[Collected data]
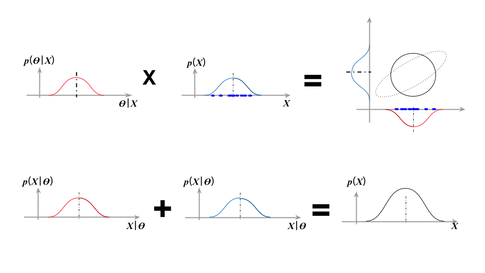 따라서, 곱은 확률밀도함수가 됩니다. (이변량 확률밀도함수로 해석됨)
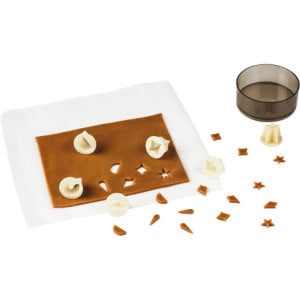 La boîte contient une variété de 12 formes différentes, allant du cœur à la virgule, offrant ainsi une grande flexibilité dans la présentation de vos plats. Chaque découpoir est marqué, ce qui permet une identification rapide et efficace lors de la préparation. L'ensemble est également adapté au passage au lave-vaisselle, pour un nettoyage sans effort.
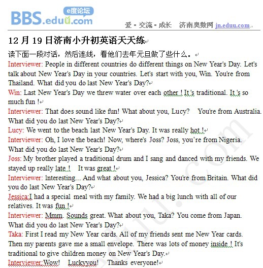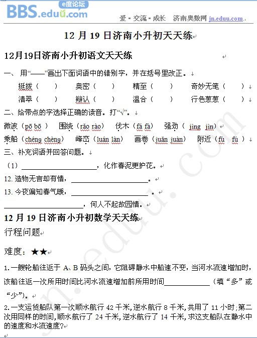2012年12月19日济南小升初天天练模拟题
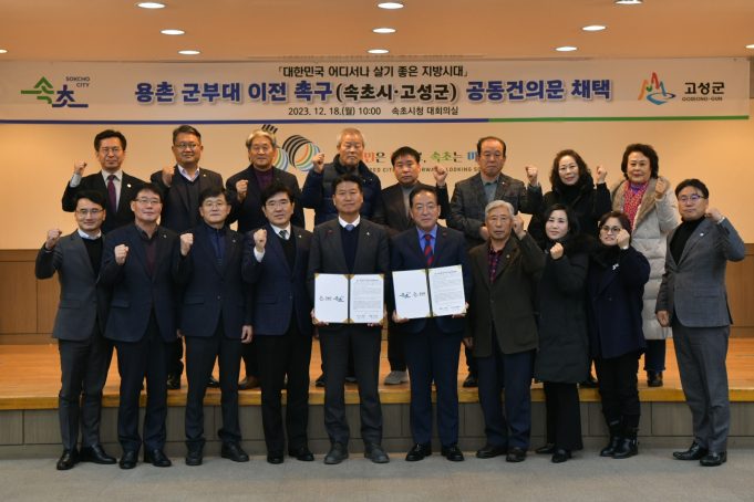 이병선 속초시장과 함명준 고성군수는 18일 속초시청 대회의실에서 고성군 용촌 군부대 이전을 촉구하는 공동 건의문에 서명하고 공동 대응에 나섰다.
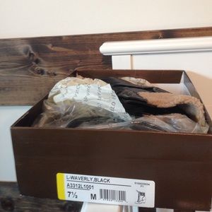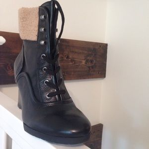 New In Box Franco Sarto Lace up Wedge Leather Boots with Faux Shearling Top - Black
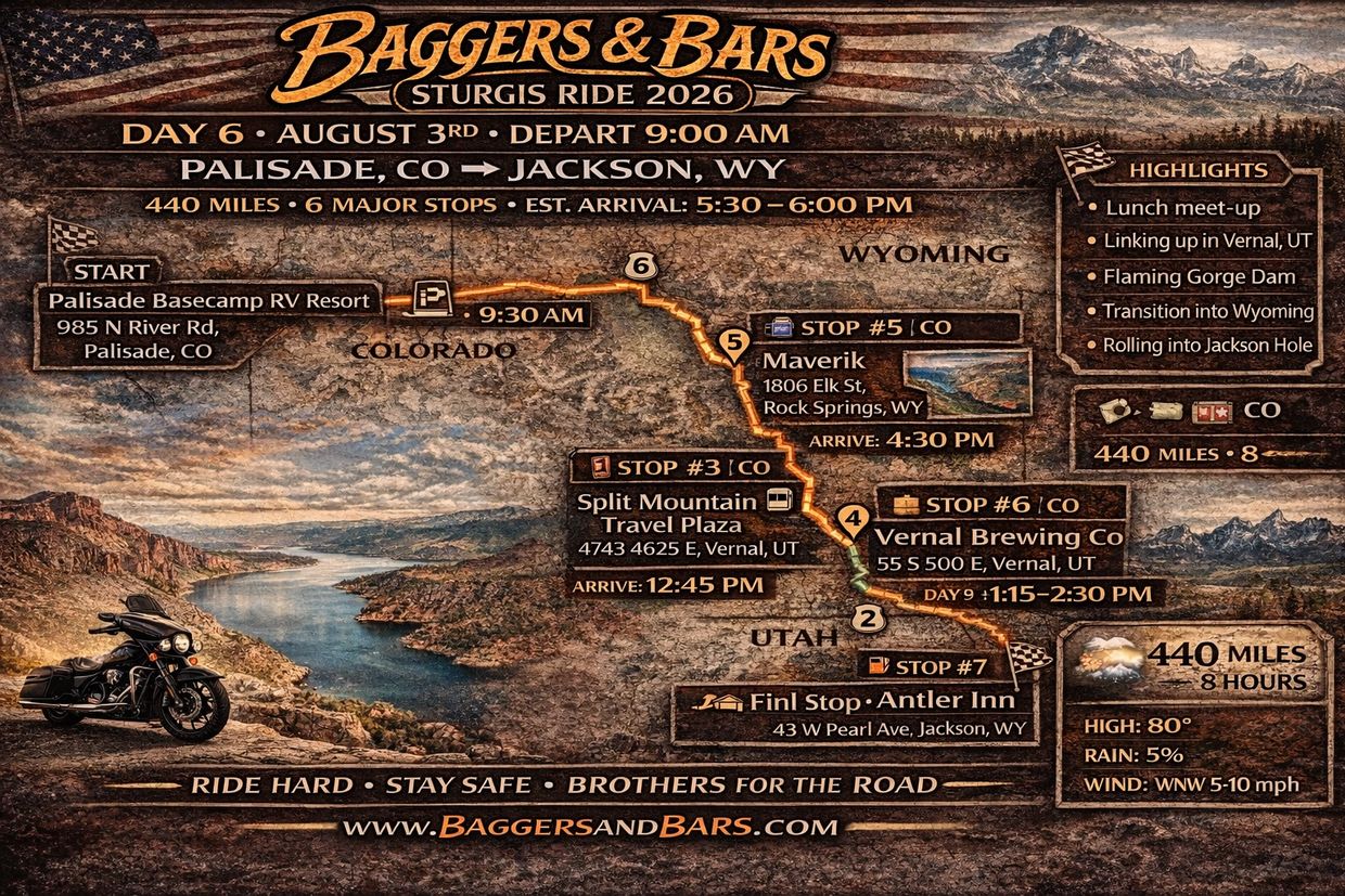 440 miles through Colorado, Utah, and Wyoming. Lunch and meet-up at Vernal Brewing Co, Flaming Gorge views, and a strong push into Jackson. The Tetons are calling. 🏔️🏍️🔥
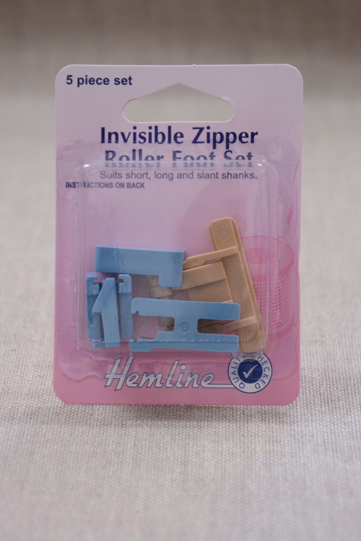 Selection of 5 roller feet for inserting invisible zippers - suits a wide range of sewing machines with low slant, high shank or clip on zipper feet.
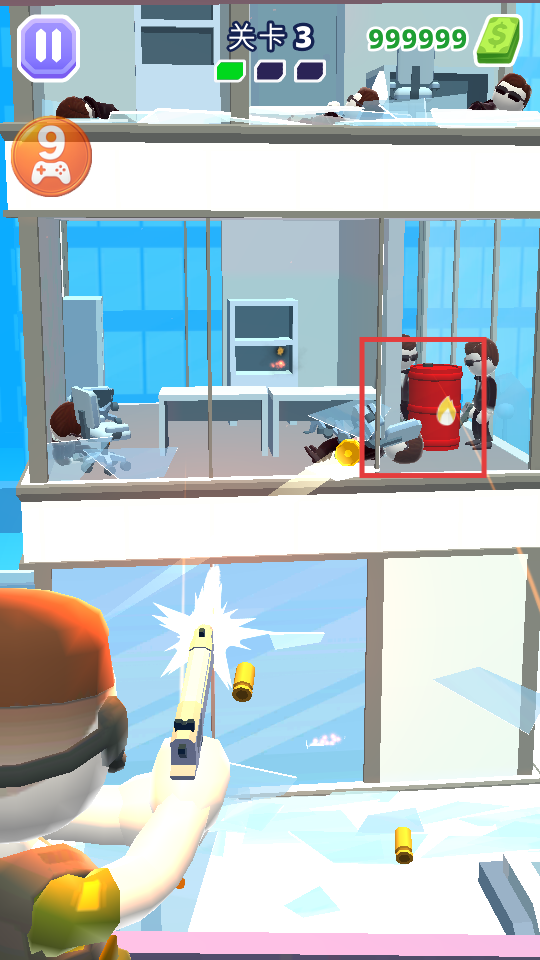 1、在关卡中,瞄准建筑内的油桶或敌人,进行射击,利用场景元素打击目标。

◆ **Prompt**
Please copy only the lines from the one that contains "2012年12月19日济南小升初天天练模拟题" through the last line of the records, exactly, and keep every picture out of the copy.

◆ **Written answer**
2012年12月19日济南小升初天天练模拟题
 이병선 속초시장과 함명준 고성군수는 18일 속초시청 대회의실에서 고성군 용촌 군부대 이전을 촉구하는 공동 건의문에 서명하고 공동 대응에 나섰다.
 New In Box Franco Sarto Lace up Wedge Leather Boots with Faux Shearling Top - Black
 440 miles through Colorado, Utah, and Wyoming. Lunch and meet-up at Vernal Brewing Co, Flaming Gorge views, and a strong push into Jackson. The Tetons are calling. 🏔️🏍️🔥
 Selection of 5 roller feet for inserting invisible zippers - suits a wide range of sewing machines with low slant, high shank or clip on zipper feet.
 1、在关卡中,瞄准建筑内的油桶或敌人,进行射击,利用场景元素打击目标。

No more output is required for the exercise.